Fluorojade, a neuron-specific dye method for assessing cell death, was also used in the PH/RW studies. We examined the clearest cell body region in each culture, which was typically the CA1 or CA3 region. As with propidium iodide, fluorojade staining revealed that both isoflurane and sevoflurane reduced neuron injury caused by hypothermia and rewarming (fig. 3A). Regional analysis of cell death in the cultures demonstrated isoflurane protection in all the neuronal areas (fig. 3B, one-way ANOVA with Tukey’s multiple comparison test).

Fig 3.

Fig 3

Isoflurane protection from profound hypothermia/rewarming injury is neuron specific. A. Fluorojade staining intensity of neurons in the CA1-CA3 rich regions in hippocampal slice cultures following hypothermia and rewarming with isoflurane (ISO). Images at right were obtained with confocal microscopy of fixed and re-sliced cultures. Bright fluorescence identifies dead cells. B. Region specific cell death (propidium iodide fluorescence) in hippocampal slice cultures in which profound hypothermia (PH) was present for 4,6 or 8 h followed by rewarming to 37°C (RW) for 1 h. DG= dentate gyrus Bars represent means±S.E.M.. The number of cultures in each treatment group are indicated with numbers above the bars. The lines and asterisks above the error bars describe statistical differences between different treatment groups as follows: * p<0.05, ** p<0.01, and *** p<0.001, measured with ANOVA and a Tukey multiple comparison post test.

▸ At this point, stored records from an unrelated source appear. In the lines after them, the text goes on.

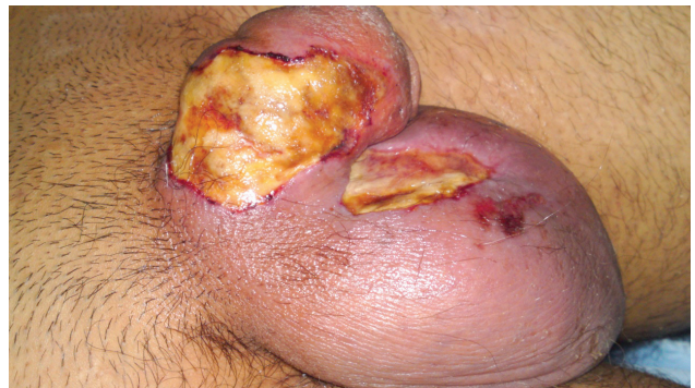
Fig. 2: Extension of scrotal ulcer to penile skin.
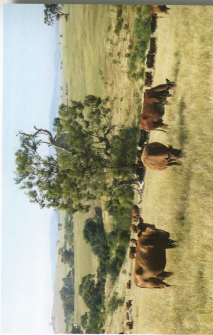
The Red Angus breeding herd in beautiful undulating country, the sown tree lines along the creek can be seen in the background.
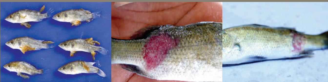
Occasionally, young seabass will get infested with external parasites and microbial pathogen
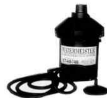
Water Recovery Systems

CALL NOW! Toll Free 877-448-7486 www.watermeisterusa.com
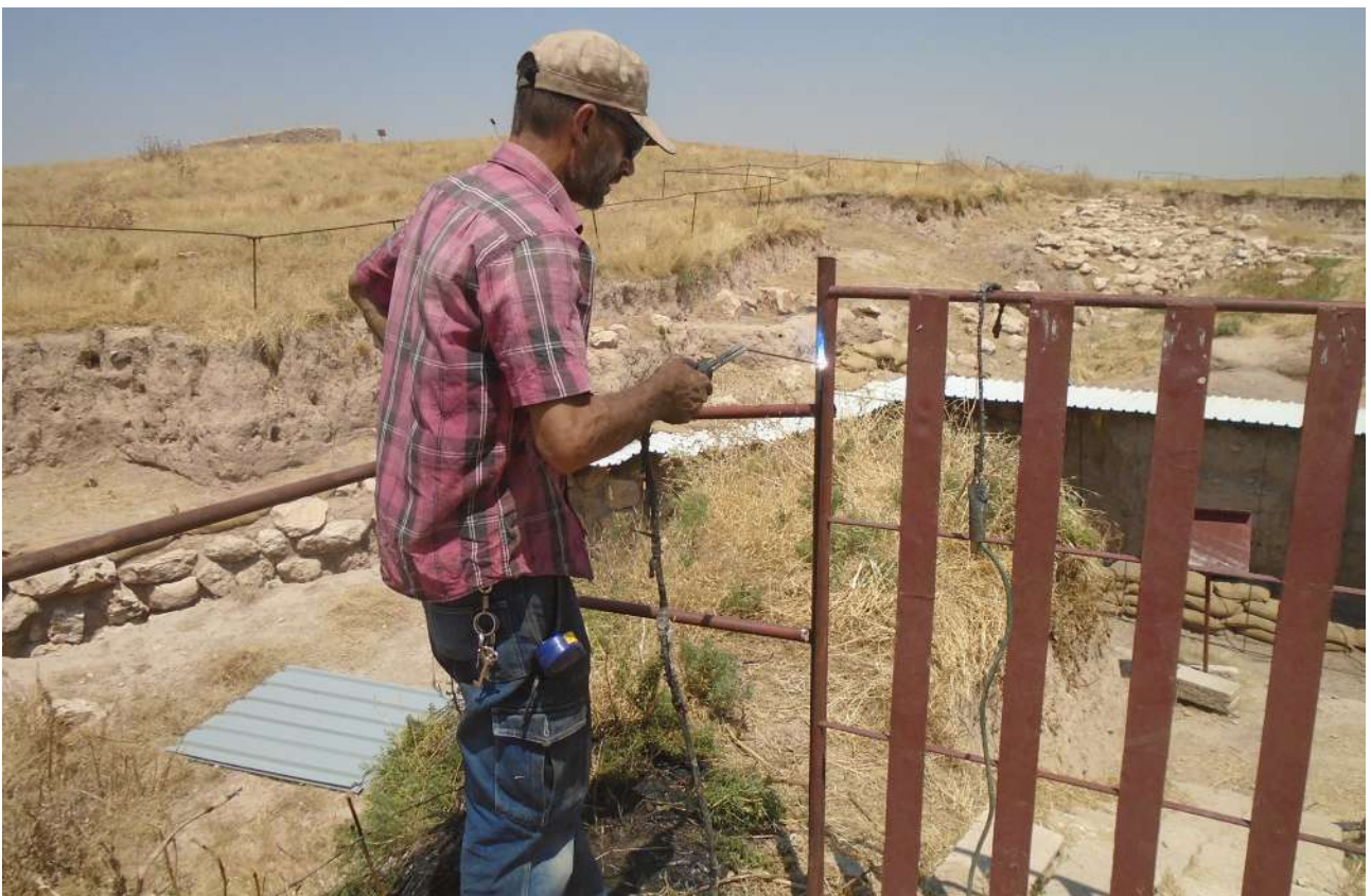
Fig.26 . Welding the iron door in the unit J1

In experimental models of neural injury following profound hypothermia and cardiopulmonary bypass, the rate of rewarming may influence the degree of neurologic damage30. Therefore, we compared our standard rewarming protocol (rewarming from 4°C to 37°C in ~1 h) with a slower rewarming protocol (4°C to 37°C over 2.5 h). We found that slower rewarming had no effect on neuronal death (fig. 4).

Figure 4.

Figure 4

Rate of rewarming (RW) does not affect cell death in CA1, CA3 or dentate regions following profound hypothermia (PH, 4°C for 6 h). Controls are cultures remaining at 37°C; slow RW is rewarming to 25°C over 1 h, then to 37°C over the following 1.5 h; and 1h RW is our “standard rewarming” protocol involving RW from 4°C to 37°C over 1 h. DG= dentate gyrus. The number of cultures in each treatment group are indicated with numbers above the bars. The lines and asterisks above the error bars describe statistical differences between different treatment groups as follows: * p<0.05, ** p<0.01, and *** p<0.001, measured with ANOVA and a Tukey multiple comparison post test.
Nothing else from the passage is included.